Context seems to be getting more consideration these days in customer service, as a topic of discussion at Enterprise Connect Orlando 2014, and making its way into many contact center conversations. A new company, StepOne, launches today, with their flagship product Contextual Care aimed at improving self-service for both the customers and the businesses serving them.
StepOne is a worth taking note of for a number of reasons. I had the opportunity to talk about the new company with co-founders Alex Mitchell and Bill Gravette, who pointed out that 70% of customers prefer to help themselves if they can when an issue arises, rather than calling a help desk. Seeing this preference toward self-help, the pair recognized the opportunity to provide better seamless cross-channel customer experience by leveraging the information a business knows about its customers.
How It Works
StepOne's Contextual Care system, a SaaS solution, uses unique identifiers to deliver support content to individual customers through a mobile application - essentially a support recommendation engine similar to how Netflix suggests which movies you might like. Companies with complex products can attach QR codes that the customer will then scan with their smartphone when there is an issue or question that needs to be addressed. The code directs the user to the self-help portal, and both predictive analytics and context are used to predict the question that a customer has. Hundreds of attributes such as what services the customer has purchased, the technical performance of the product, and the state of the billing cycle are used to predict the customer's inquiry.

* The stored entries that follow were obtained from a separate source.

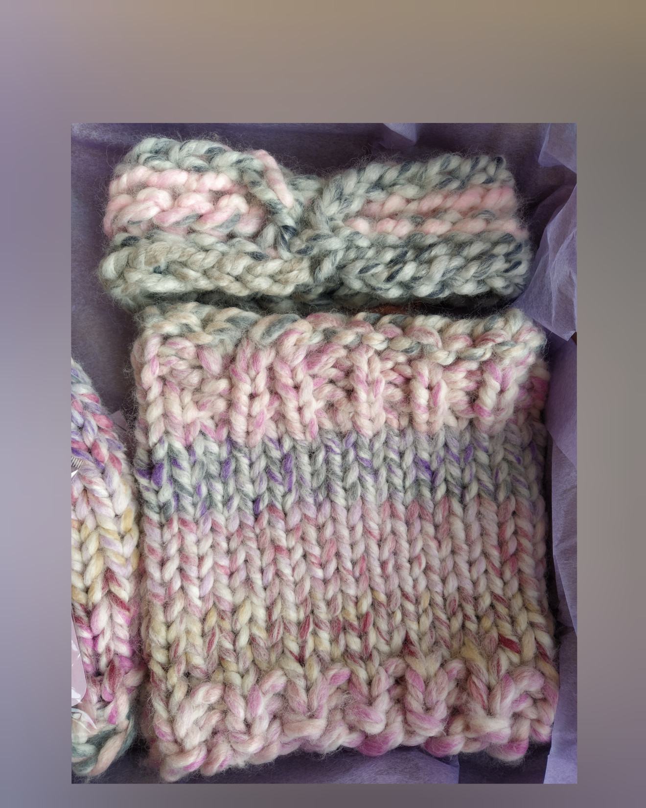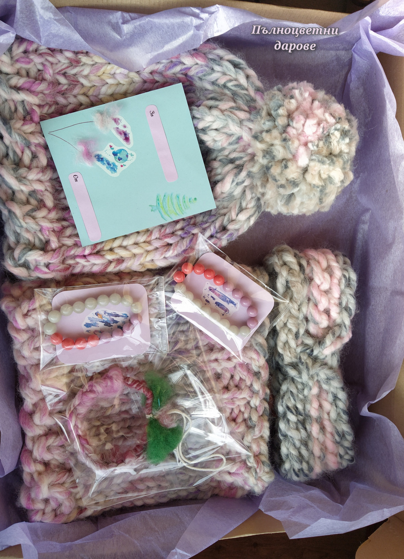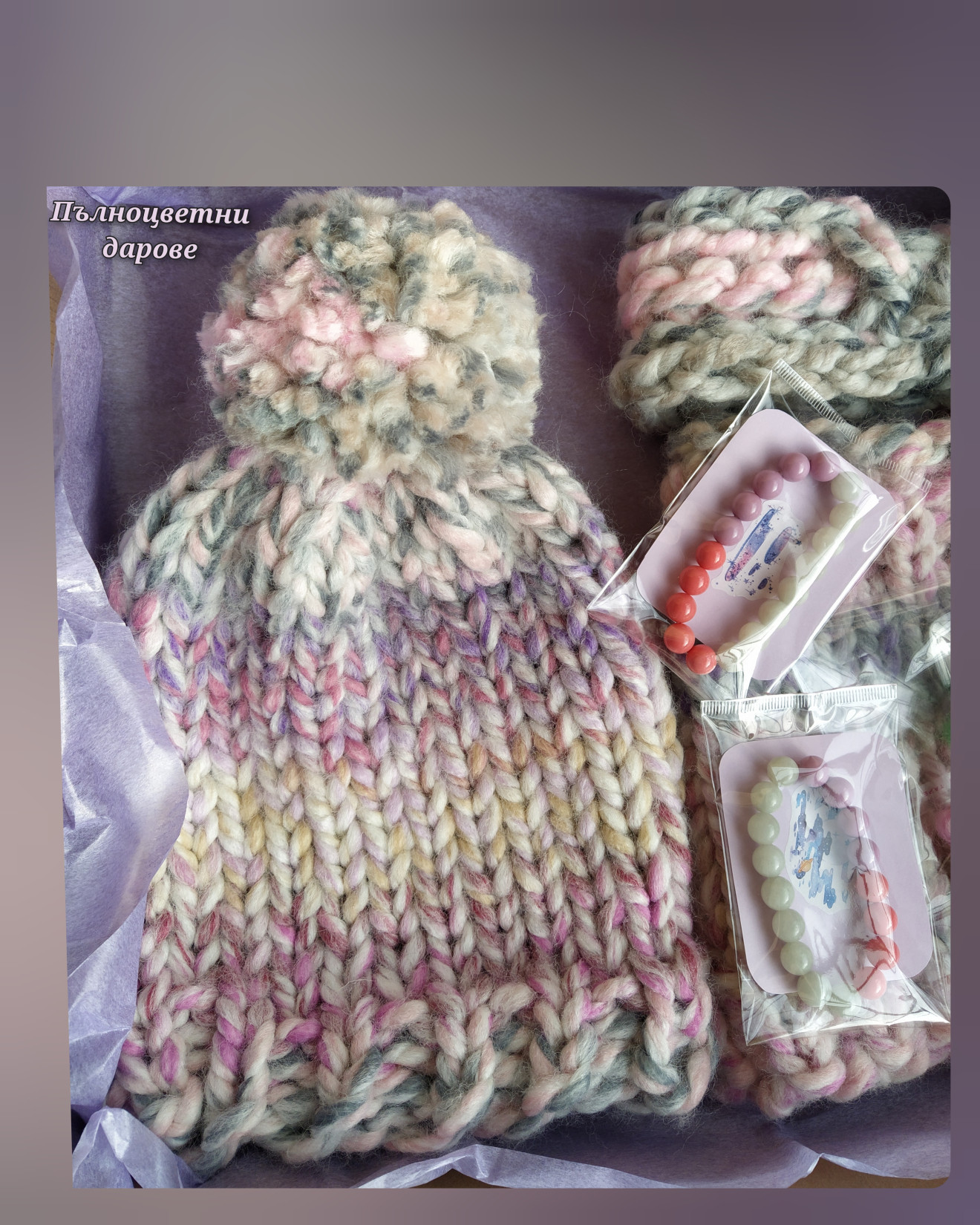 Съдържа плетива от много мека и пухкава прежда. Със състав от 80% висок клас акрил и 20 вълна, която не боцка. Стои обемно, ефектно и същевременно топли достатъчно. ✓ Шапка - размер за възрастни. ✓ Шал яка - подходящ за възрастен или за деца над 9 години. ✓ Лента за глава - подходяща за деца над 9 години и възрастни, които носят шапки с размер 54-55. Отделно добавихме: ✓ Две гривни с бял опал и цветни керамични мъниста. ✓ Играчка за елха в същата цветова гама. ✓ Картичка, на която можете да добавите името на получателя и да напишете пожелания. ✓ Кутия с панделка.
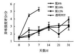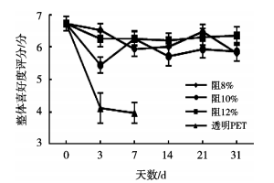 將3種不同質(zhì)量分數(shù)的阻光色油PET瓶灌裝的鮮牛奶和透明PET瓶罐裝的鮮牛奶進行0~31d感官品評,品評時間點分別為0,3,7,14,21和31d,結果如圖1~圖4所示。在31d內(nèi)各樣品的整體喜好度均呈下降趨勢,其中透明PET瓶明顯不受喜歡,在3d時整體喜好度平均值<5(透明PET各指標只測試到7d),與3個阻光色油PET瓶裝樣品相比存在顯著性差異,3個不同質(zhì)量分數(shù)的阻光色油PET樣品的整體喜好度平均值相比均無顯著性差異,整體下降趨勢不明顯,均優(yōu)于透明PET瓶樣品。
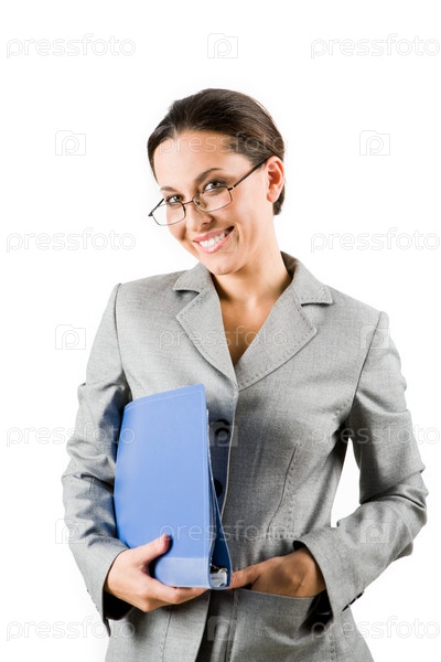 Портрет элегантной деловой женщины с папкой в руке, смотрящей на камеру и улыбающейся
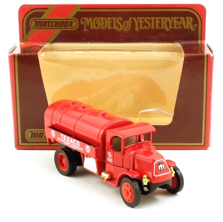 Red, black base, beige seat and black dashboard and steering wheel. Chrome petrol cans and other parts, gold headlights. 'Texaco' tampo print on the sides and rear in white, early Mack emblem on the front in white, red and black. Red plastic wheels with black tyres, double at the rear.
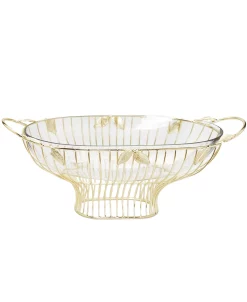This magnificent glass bowl brings an extra aura to every display setting. It is decorated with some glossy gold-tone leafs beautifying the glass bowl . This bowl can be used as a serving bowl of pasta or salad at any occasion or a centerpiece to decorate your living area.
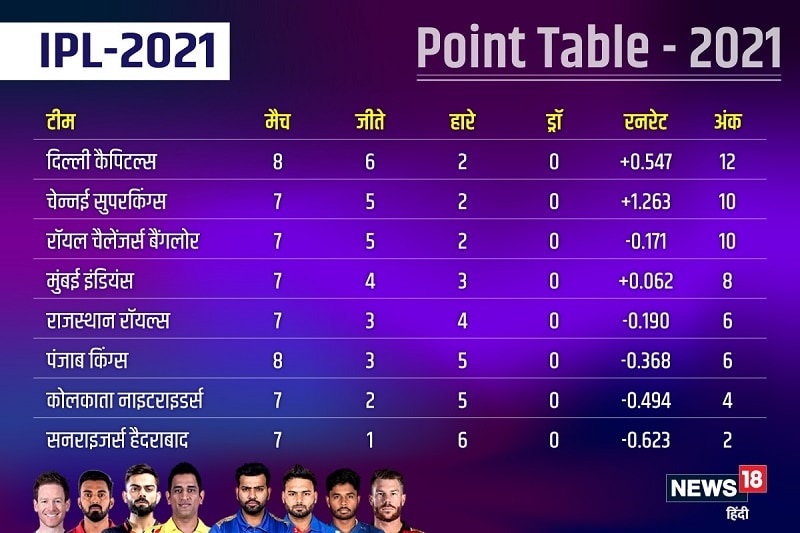 IPL 2021 Points Table: दिल्ली कैपिटल्स ने आईपीएल के 29वें मुकाबले में पंजाब किंग्स को 7 विकेट से मात दी और इस जीत के साथ ही वह पॉइंट टेबल में टॉप पर पहुंच गई है
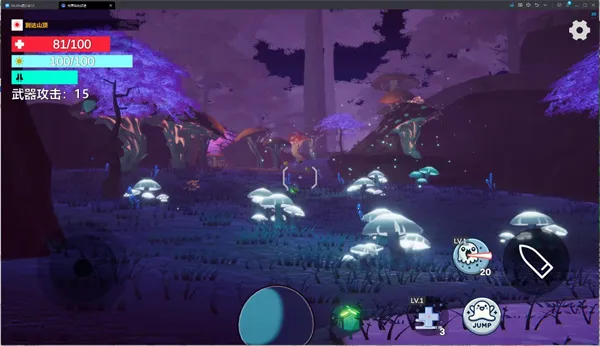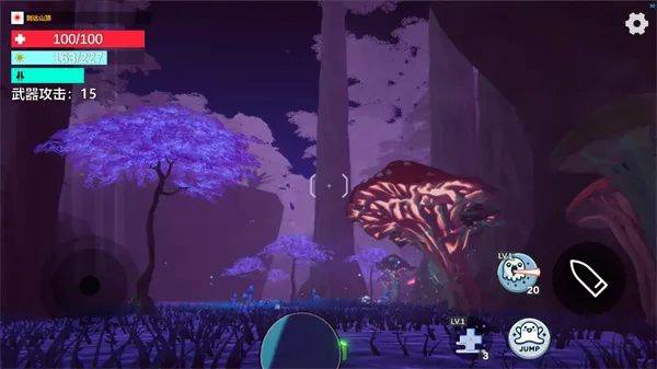 玩法很丰富,完成用户协议确认后点击开始,用左右分区控制角色行动。在广阔地图中自由探索,点击发射按钮自动攻击沿途敌人。查看左上角任务提示,击败怪物向山顶目标推进。收集场景中的光点恢复能量,利用气能快速滑行移动。

The customer is then directed to appropriate content to help answer the predicted question. The really interesting part of the process to me, however, is what comes next. Once content recommendations are made to the customer, machine learning algorithms are used to measure the effectiveness of the interaction, which makes this contextual system truly adaptive. Such areas include which suggested items were clicked on and viewed, and patterns like which items are commonly being viewed together. Traditional KPIs that are used by call centers in day-to-day dealings, such as contact rate per customer and first contact resolution rates, are also combined with this data so that the customer experience is constantly improving.
Many times, when an enterprise starts working with new customers, they don't have much information to go on, and those first few interactions can be a bit of a "cold start." However, StepOne's software can be primed according to customer types so that the enterprise is better prepared to assist going into that first interaction, and cold starts become a thing of the past.
Improving the Business
While it is certainly valuable for the clientele to have a better customer experience, StepOne also aims to help the business improve. This sort of analysis can actually unearth which content is not working well, where there may be gaps in certain subject matter and highlight which areas are proving to be the most useful to the customer base.
In fact, Mitchell and Gravette explained that the bigger value proposition of their offerings may actually be providing the info that allows insight into how the business is running. These insights are delivered to the business so that appropriate adjustments can be made to its self-help architecture. While StepOne does not produce support content itself, it has partnered with other companies to help a business develop better information pages.
Currently, StepOne has deployments with two global communication service providers, Telstra and a Tier 1 U.S. cable company. The company additionally received $4 million in Series A financing that will facilitate its growth moving forward.